So, there’s two ways to do that. There’s supervised learning, which is to say, “these are the players that have been hurt and this is their training log.” It’s retroactive, and what we do now. The machine learning program then looks back and says, “these are the signals that seem to have produced injury in these players, so let’s use those as the starting weights.”

You then run that program against the database of all the athletes every day, which allows you to give a percentage, based on the model, of how likely they are to be hurt. So people that are red-flagged, we know that we should do some more recovery or change their program. That’s exciting, and that is where we’ll start.

The second part is unsupervised learning, where the machine learning program is looking at all the data every day and doesn’t know anything. All you’re telling it is, “I want you to maximize these outputs, but I’m not going to tell any history of what makes anything good.” That is the real exciting part, that’s true AI. That is actual Artificial Intelligence where the program is actually trying to figure it out, because it is too complicated for any human to figure out using statistics. That is the ultimate goal of Driveline baseball.

This is the stuff that we tell people, and they’re shocked because they think that we’re just a weighted ball and velocity development company. That’s true, because we are and always will be. That’ll always be part of what we do, but we have aspirations that are so far beyond what I think anybody has heard of. We have aspirations to have machine learning make rehabilitation almost a thing of the past. That this is something just integrated into everyday life.

Driveline Baseball

We have an initiative to publish over 12-15 peer-reviewed research papers over the next five years. We’re moving into a sports science/sports technology, pure player development company; the likes of which does not exist, and probably can’t be conceived of. That is the direction that I am trying to move the company, and we’re getting there.

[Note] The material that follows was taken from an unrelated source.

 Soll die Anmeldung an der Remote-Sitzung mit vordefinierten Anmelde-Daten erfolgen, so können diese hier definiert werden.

We’re really in the infant stages of it because we wanted to master the training aspect first, and I think we nailed that down. I’m not saying that I can’t learn more, but I feel good enough about that to start moving my attention full-time to the director of research and development. I used to be a lead trainer and the president of the company, which I still am, but now my role today is getting my hands around what this company will be in five years. Not if this company will be financially stable in three months, that is my CEO’s job — and he does a great job of that. My job is to say what is this company going to be in 5-10 years, and what problems are we going to solve that no one is thinking about now.

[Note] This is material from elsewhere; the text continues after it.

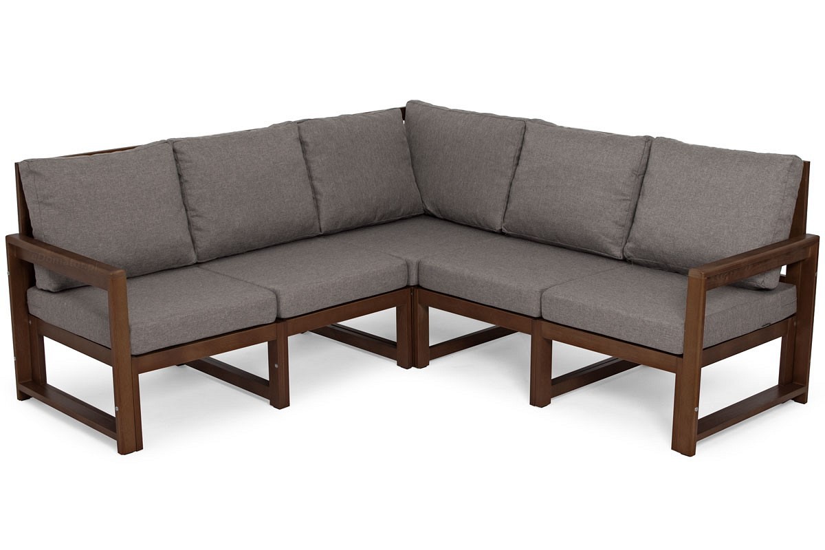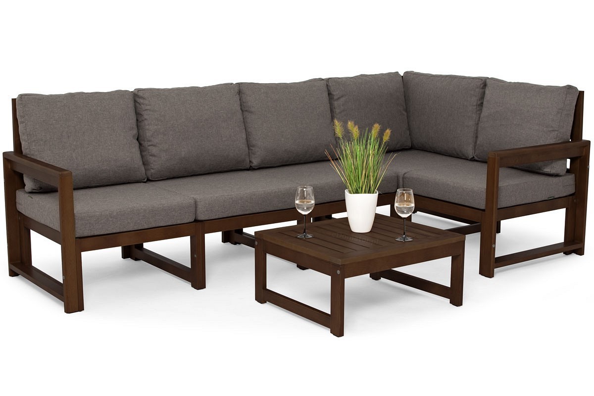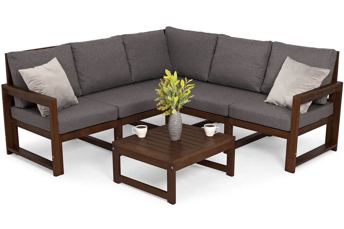 Minimalistyczny narożnik ogrodowy MALTA z ciemnobrązowym stolikiem został zaprojektowany i wyprodukowany w Polsce z najwyższej jakości materiałów. Drewniane meble ogrodowe charakteryzują się solidnym wykonaniem i dużą wytrzymałością. Sofa w stylu skandynawskim idealnie sprawdzi się na balkonie, tarasie czy w ogrodzie. Stelaż wykonany z drewna z certyfikatem FSC, które jest impregnowane, a następnie lakierowane, odporne na warunki atmosferyczne i pleśń. Drewniane meble ogrodowe z powodzeniem można ustawić w nasłonecznionym miejscu, ponieważ nie pogarsza to ich funkcji. Narożnik MALTA składa się z oddzielnych modułów, dzięki czemu można go dostosować do własnych potrzeb. W zależności od konfiguracji elementy serii mogą służyć do budowy narożników prawych lub lewych. Każda część składa się z szerokiego siedziska, oparcia i środkowych nóżek. W skład zestawu wchodzą moduły, moduł narożny, dwa wsporniki boczne oraz poduszka.

This is stuff we’ve been kicking around for the past three years, but have really just enumerated it over the past six months. We’ve hired a ton of people over the last six- to eight-months, so we finally have the right people to do it. I want to be the Bell labs, the Xerox PARC labs, DARPA; I want to be that for baseball. I want to develop stuff that no one has ever thought of.

SB: Have you tried to apply any of that yet, or is it just in development stages?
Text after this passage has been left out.